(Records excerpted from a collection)
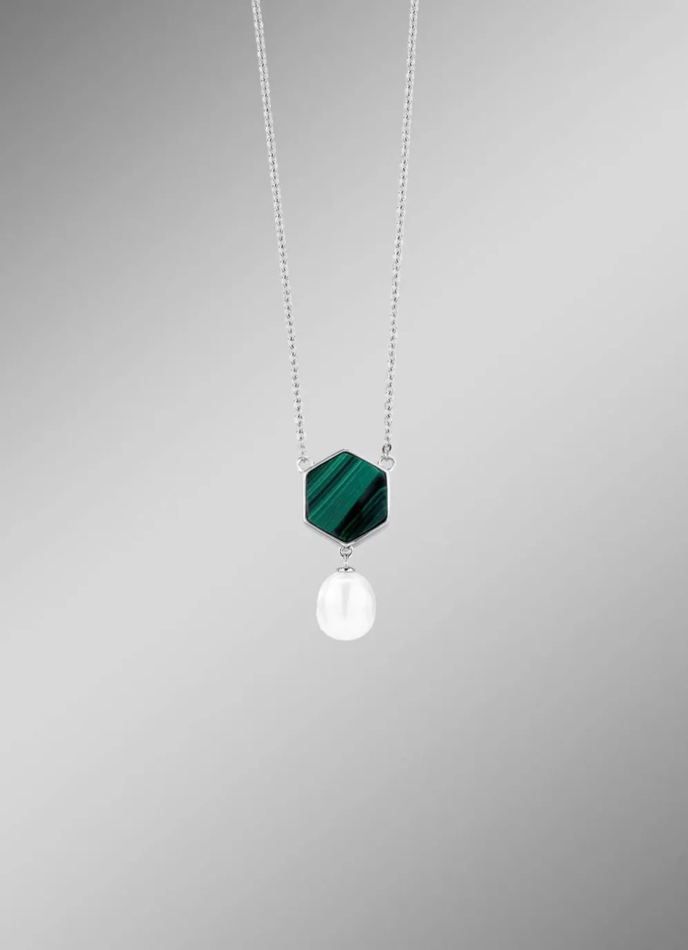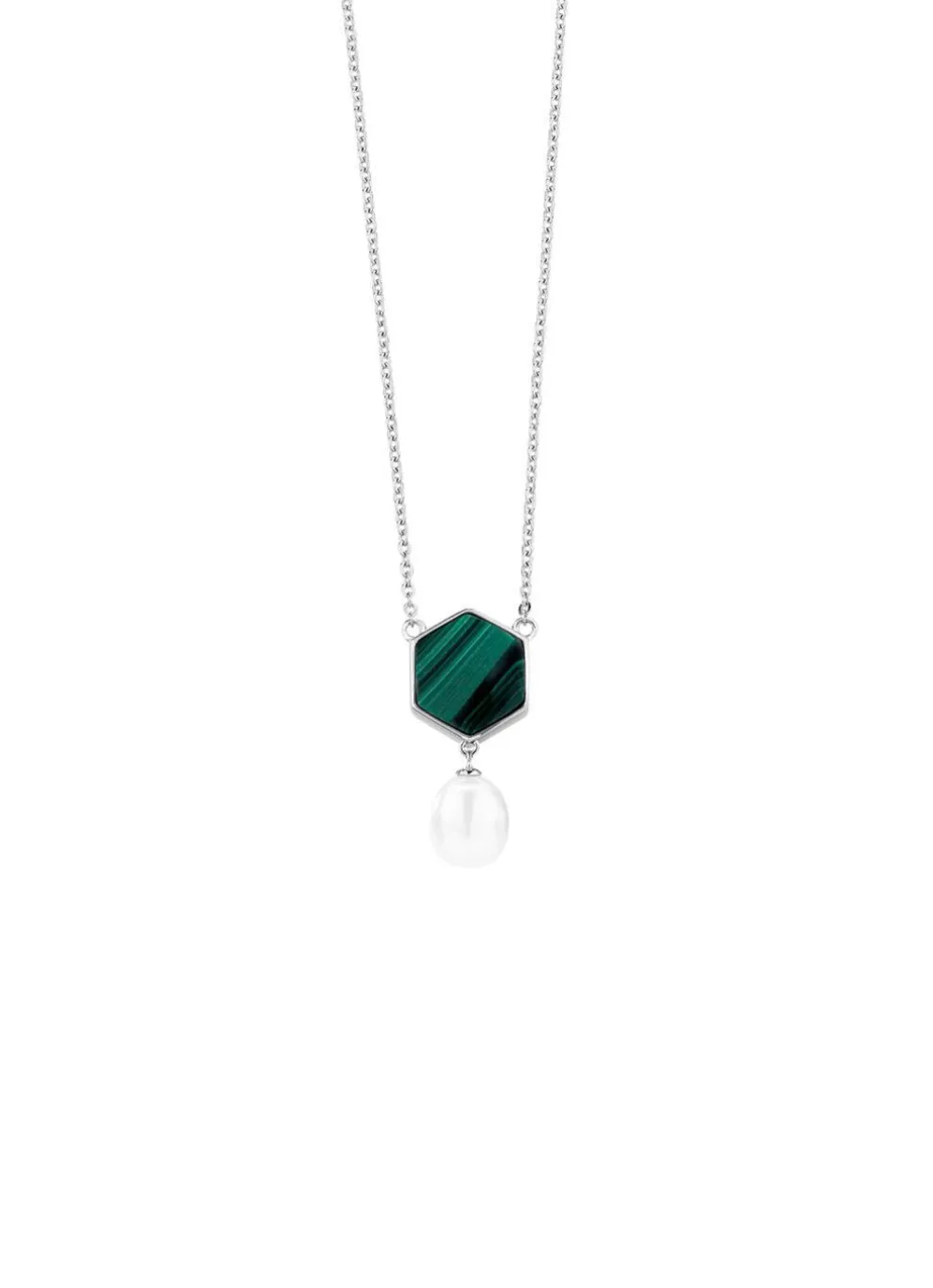 Halskette mit Süßwasser-Zuchtperle und echt Malachit
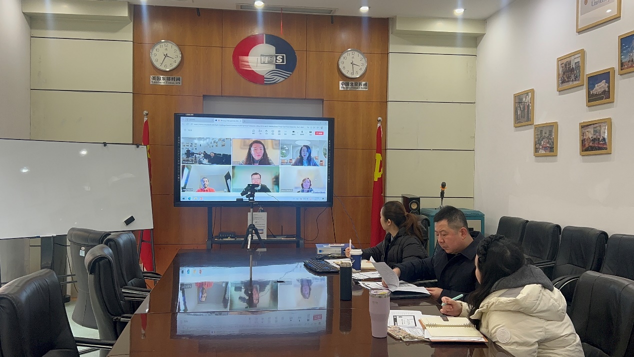2026年1月7日15:30,我院与法国勃艮第高等商学院(BSB)视频连线,召开2+2联合培养项目专题线上会。外方由国际发展处负责人HalloumiRudy率领相关工作人员出席,我院院长詹川、国交法语部部长张蓝月携全体部门人员共同参会,双方围绕深化校际合作、推进2+2联合培养项目等议题展开深度磋商。
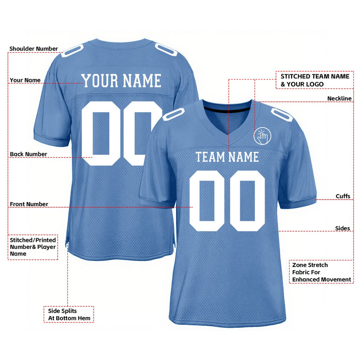 Custom Light Blue White Mesh Classic Style Authentic Sports Football Jersey
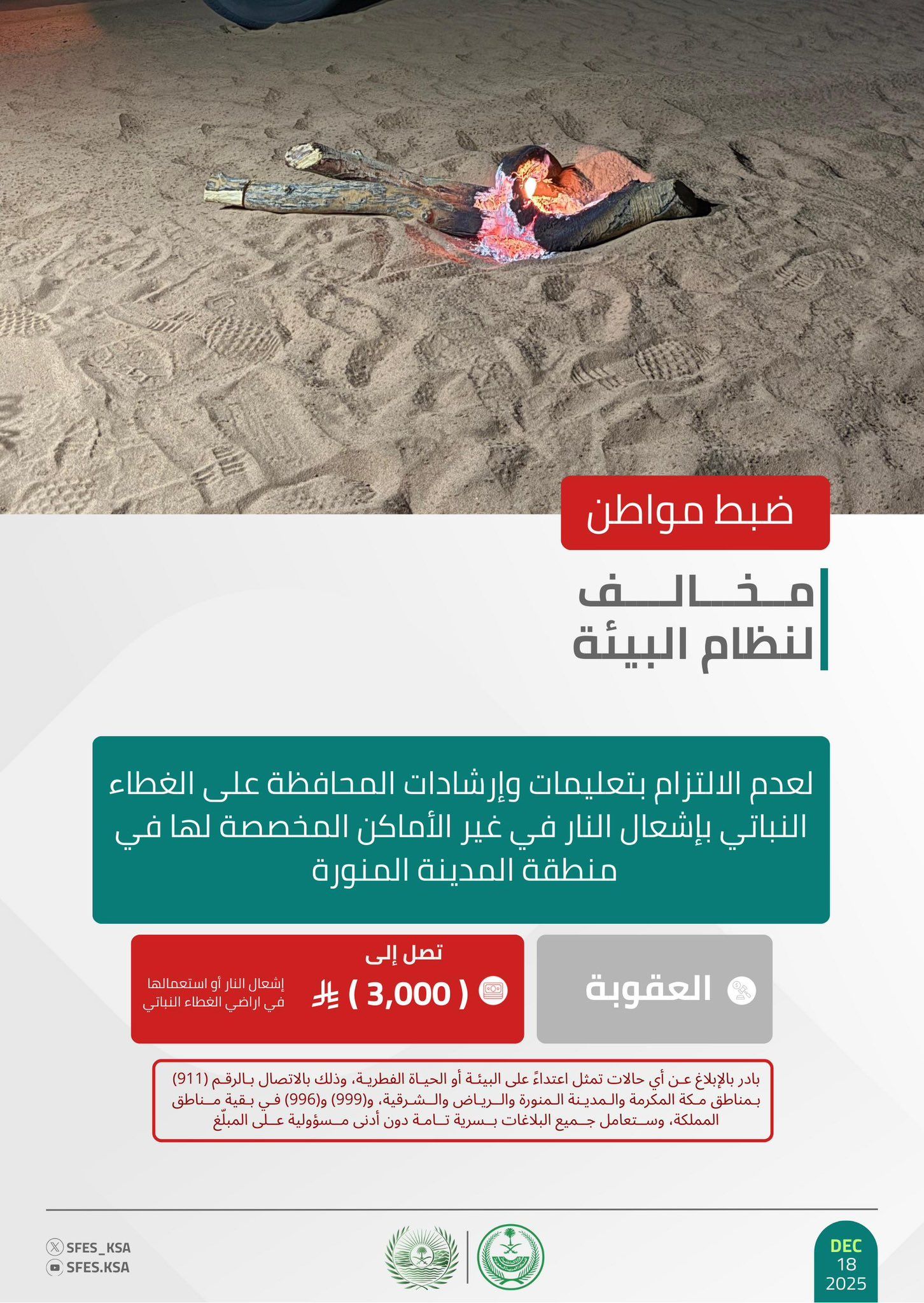 كما ضبطت القوات الخاصة للأمن البيئي مواطنًا مخالفًا لنظام البيئة؛ لعدم الالتزام بتعليمات وإرشادات المحافظة على الغطاء النباتي بإشعال النار في غير الأماكن المخصصة لها في منطقة المدينة المنورة، وطُبقت الإجراءات النظامية بحقه.
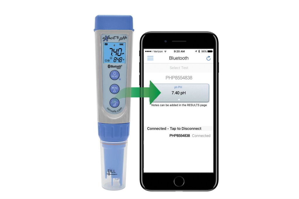 The new eXact pH+ Smart Meter System with Bluetooth SMART is a handheld multi-parameter pocket meter that can detect pH, conductivity, salinity, TDS, temperature, and ORP in water. Used in conjunction with the eXact iDip app for iOS and Android smart devices, it can give users automatic calculations of formulas.
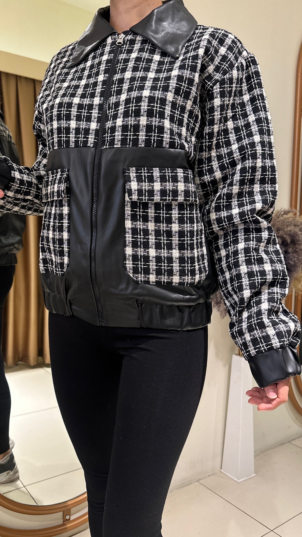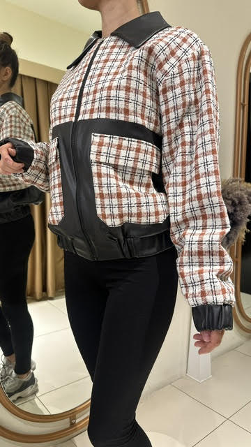 Deri detaylı fermuarlı ekose ceket
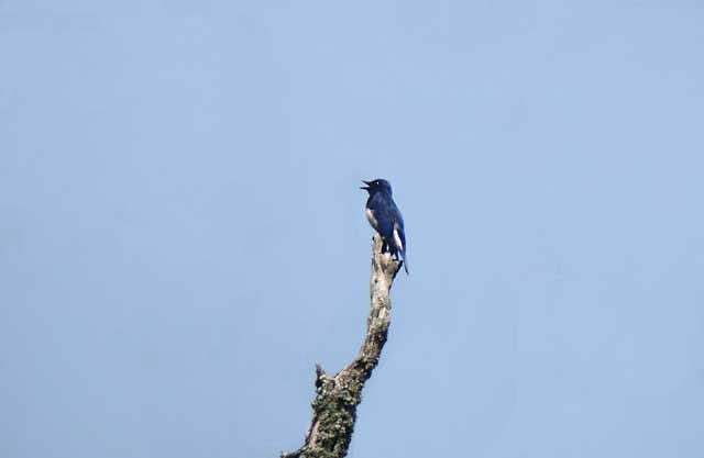 高い樅の木の頂上で啼いている小さなオオルリですが、楽しかった探鳥会の記念のデジスコ写真です。
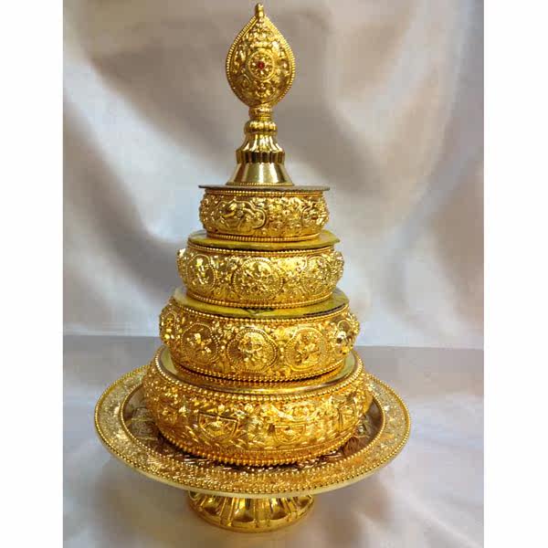 Supplies for Buddha Nepalese craft gold-plated Manzapan large four-plus line for Manchaluo with tray
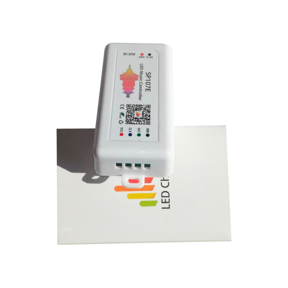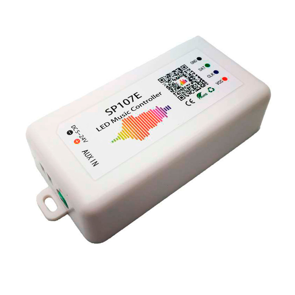 Музыкальный Bluetooth контроллер SP107e c приложением для адресной светодиодной ленты. Контроллер рассчитан работу с напряжением 5-24V. По - сути это значит, что к нему можно подключить любую адресную ленту из нашего магазина, важно только учитывать, что максимально он поддерживает до 960 пикселей (до 16 метров ленты ws2812b/ws2813 60led или до 48 метров 2818 60led). Если указанной длины ленты вам недостаточно - рекомендуем использовать музыкальный контроллер с SPI / DMX усилителем сигнала SP901e. Он позволит увеличить максимальное число пикселей в 4-8 раз в зависимости от чипа используемой адресной ленты.
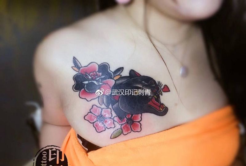 • 女性大花胸纹身_43张霸气漂亮的女性大花胸纹身图案作品
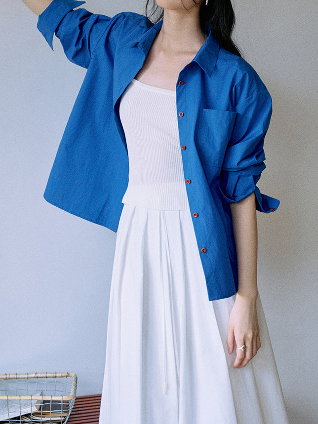 Deep V-shaped layered denim shirt (can be coordinated)
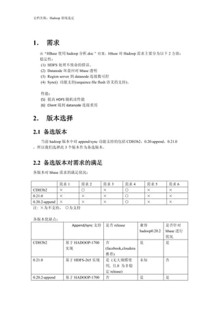 文档名称:Hadoop 基线选定
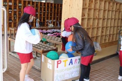 PTA予算から、子どもたちが楽しめるものを…と購入していただきました。昨年度は、雨の日などに楽しめるカードゲームを各学級に贈っていただきましたが、今年度は子どもたちからのリクエストで、運動場で遊べる柔らかいボールです。さっそく運動場で遊ぶ姿が見られました。6年生にも卒業前に使ってもらうことができました。いつもありがとうございます。大切に使用していきます。
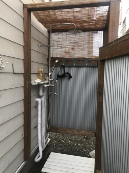 温水外シャワー 水着用脱水機( 水着は外シャワーでゆすいで下さい) 物干し台
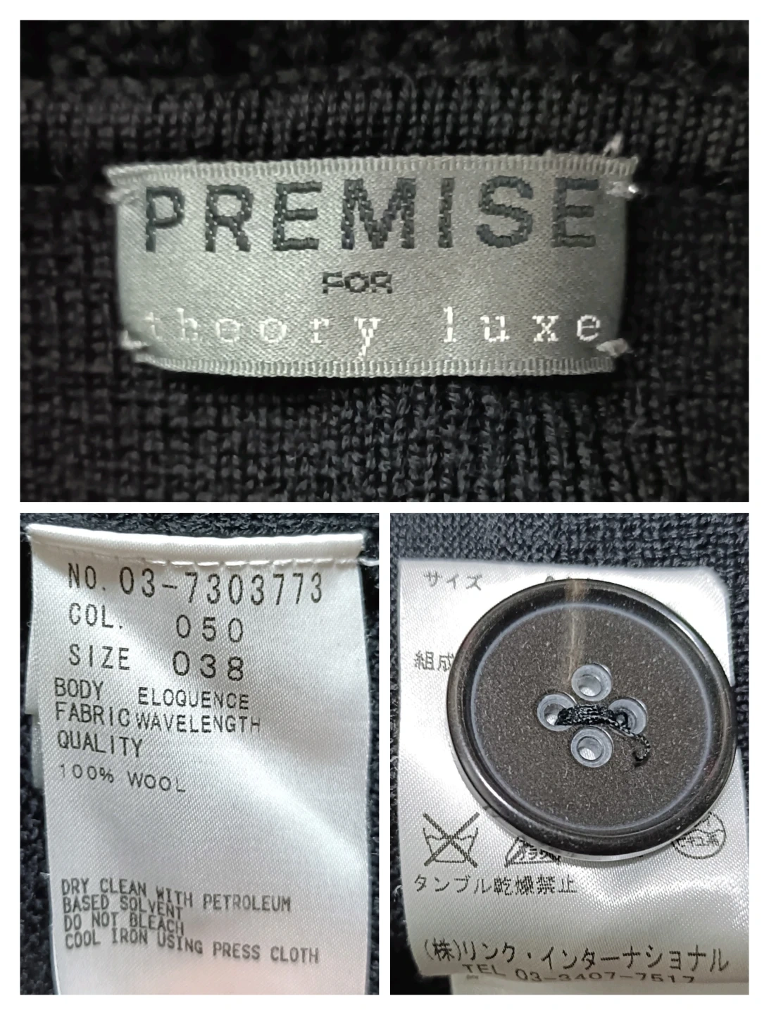 プレミスフォーセオリーリュクス ニットジャケット カーディガン 黒 38 ウール

> _Problem_
In the records above, find the line with "Deri detaylı fermuarlı ekose ceket" and the line with "Supplies for Buddha". Write out exactly those lines and every one between, with no pictures and no other lines.

> _Your response_
 Deri detaylı fermuarlı ekose ceket
 高い樅の木の頂上で啼いている小さなオオルリですが、楽しかった探鳥会の記念のデジスコ写真です。
 Supplies for Buddha Nepalese craft gold-plated Manzapan large four-plus line for Manchaluo with tray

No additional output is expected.